Was ist der Featured-Bereich auf LinkedIn?

~0 minuten lesezeitAktualisiert: 6. Februar 2026

Die LinkedIn Featured Section ist eine visuelle Galerie, die sich im oberen Bereich Ihres Profils befindet und es Ihnen ermöglicht, herausragende Inhalte – Beiträge, Artikel, Links oder Medien – anzuheften, sodass jeder Besucher zuerst Ihre besten Arbeiten sieht.

LinkedIn-Profil mit hervorgehobener Featured Section

Der Featured-Bereich auf LinkedIn ist mehr als nur Dekoration; er ist eine erstklassige Präsentationsfläche, die:

  1. Ihre Expertise belegt (z.

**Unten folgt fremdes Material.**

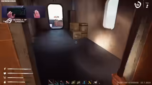 01:45:57Der Tag neigt sich dem Ende zu und die Streamer bereiten sich auf den Schlaf vor. Sie diskutieren ihre Erkenntnisse und den Zusammenhalt, der für das Überleben auf dem Schiff entscheidend ist. Am nächsten Tag wird die Erkundung fortgesetzt, wobei sie in die Kombüse und den Maschinenraum vordringen. Sie stellen fest, dass die Gefahren mit der Zeit zunehmen und das Überleben erschwert wird. Parallel wird die Basis weiter ausgebaut und mit neuen Rezepten, wie für einen Wassersammler, erweitert.
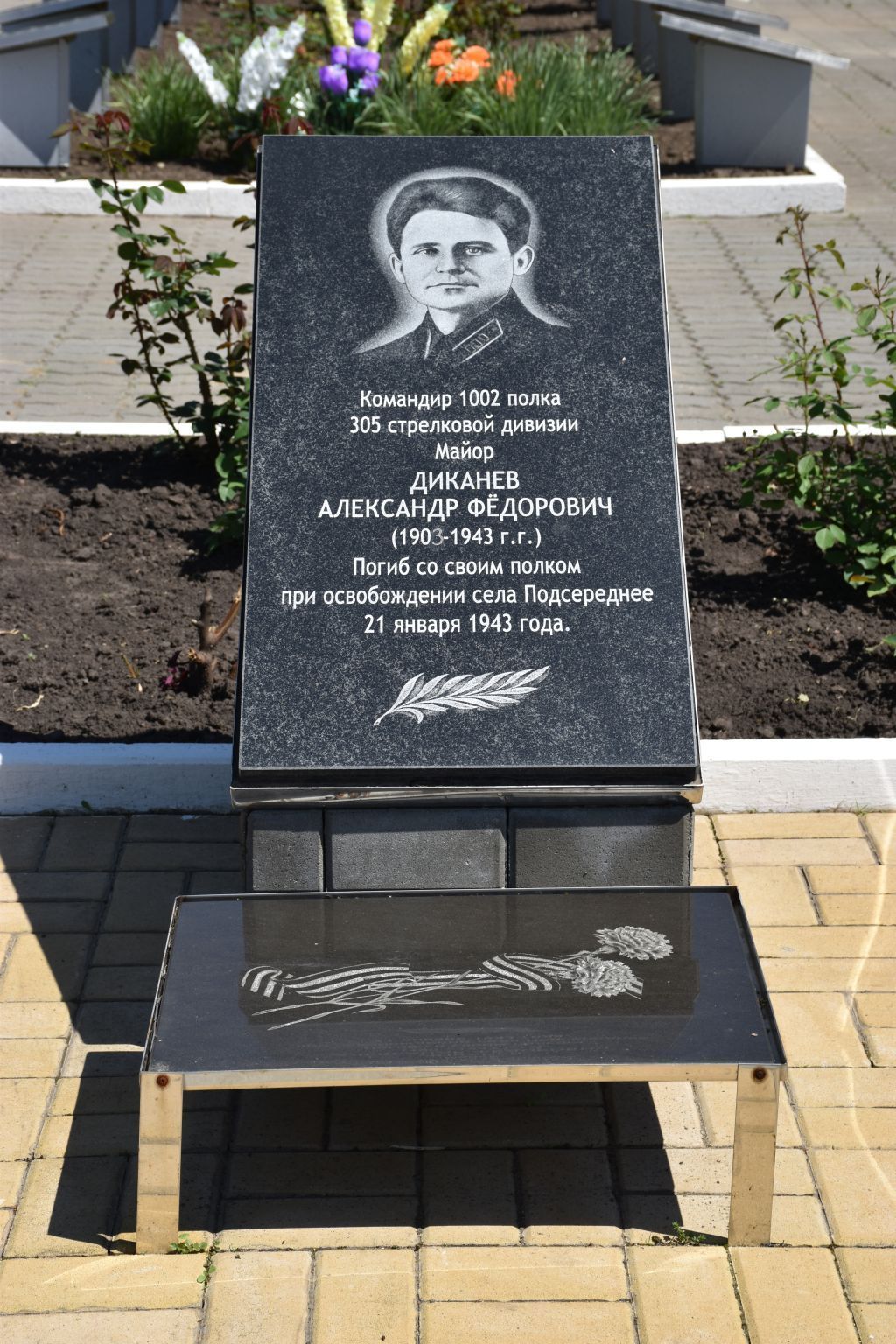 Могила Диканева Александра Федоровича (1903-1943), командира 1002 полка 305 дивизии, погибшего в боях с фашистами в 1943 году, за освобождение Алексеевского района. Обелиск
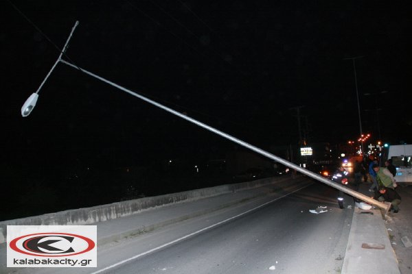 Για αρκετή ώρα έμεινε κλειστό το ένα ρεύμα της εισόδου της Καλαμπάκας, όταν διερχόμενο Ι.Χ αυτοκίνητο έπεσε σε κολόνα φωτισμού και την έριξε επάνω σε ηλεκτροφόρα καλώδια της ΔΕΗ.
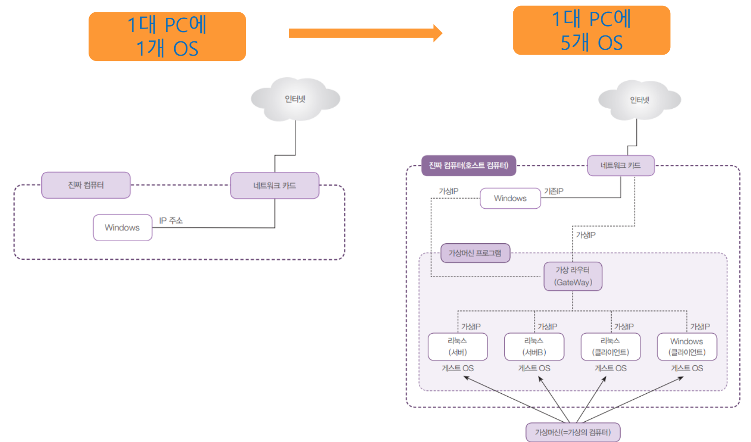 - 1대의 컴퓨터만으로 다른 OS의 환경을 이용하거나 실무환경과 거의 비슷한 네트워크 컴퓨터 환경을 구성가능하다.
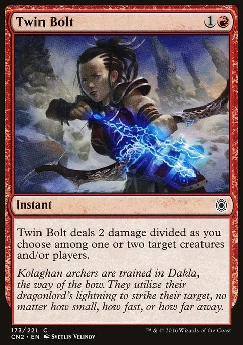 Twin Bolt deals 2 damage divided as you choose among one or two targets.
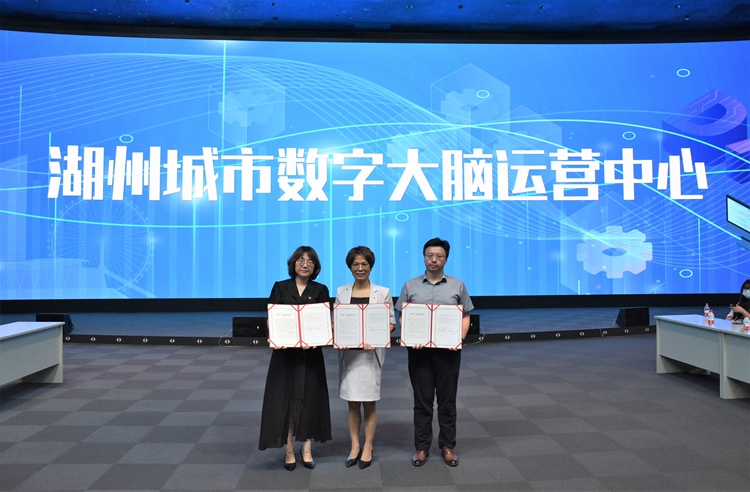 政校企三方相关党组织负责人共同签订了“数智”党建联盟契约,三方将进一步发挥各自优势,强化党建工作引领,合作推动组织建设、重点项目、联盟例会、人才培养、资源共享等各项工作。在党建联盟成员单位第一次座谈会上,与会人员围绕“数字化改革”“人才培养助力社会发展”等主题交流研讨。与会人员还在讲解员的带领下参观了智慧湖州城市大脑运营中心,学习了解其作为湖州“新名片”助推湖州数字化转型形成的先发优势。

B. eine Keynote, ein Whitepaper oder ein Patent).
  2. Traffic auf externe Ressourcen lenkt – Landingpages, Anmeldeformulare, Podcasts.
  3. Ihr Personal Branding stärkt, indem virale Beiträge oder Presseartikel hervorgehoben werden.
  4. Leads fördert: Recruiter, Interessenten und Partner erkennen in Sekunden, was Sie tun.
  5. Social Proof unterstützt, etwa mit herunterladbaren Case Studies oder Testimonial-Videos.

Schauen Sie sich was Sie auf LinkedIn posten können: 25+ Content-Ideen an, um Inspiration für Inhalte zu erhalten, die Sie in Ihrer Featured Section präsentieren können.

Wie funktioniert die LinkedIn Featured Section?

Wo findet man sie?

  1. Öffnen Sie Ihr LinkedIn-Profil, während Sie eingeloggt sind.
  2. Scrollen Sie direkt unter den Info-Bereich.
  3. Dort sehen Sie den Block „Featured“ – oder eine Aufforderung „Featured hinzufügen“, falls er noch leer ist.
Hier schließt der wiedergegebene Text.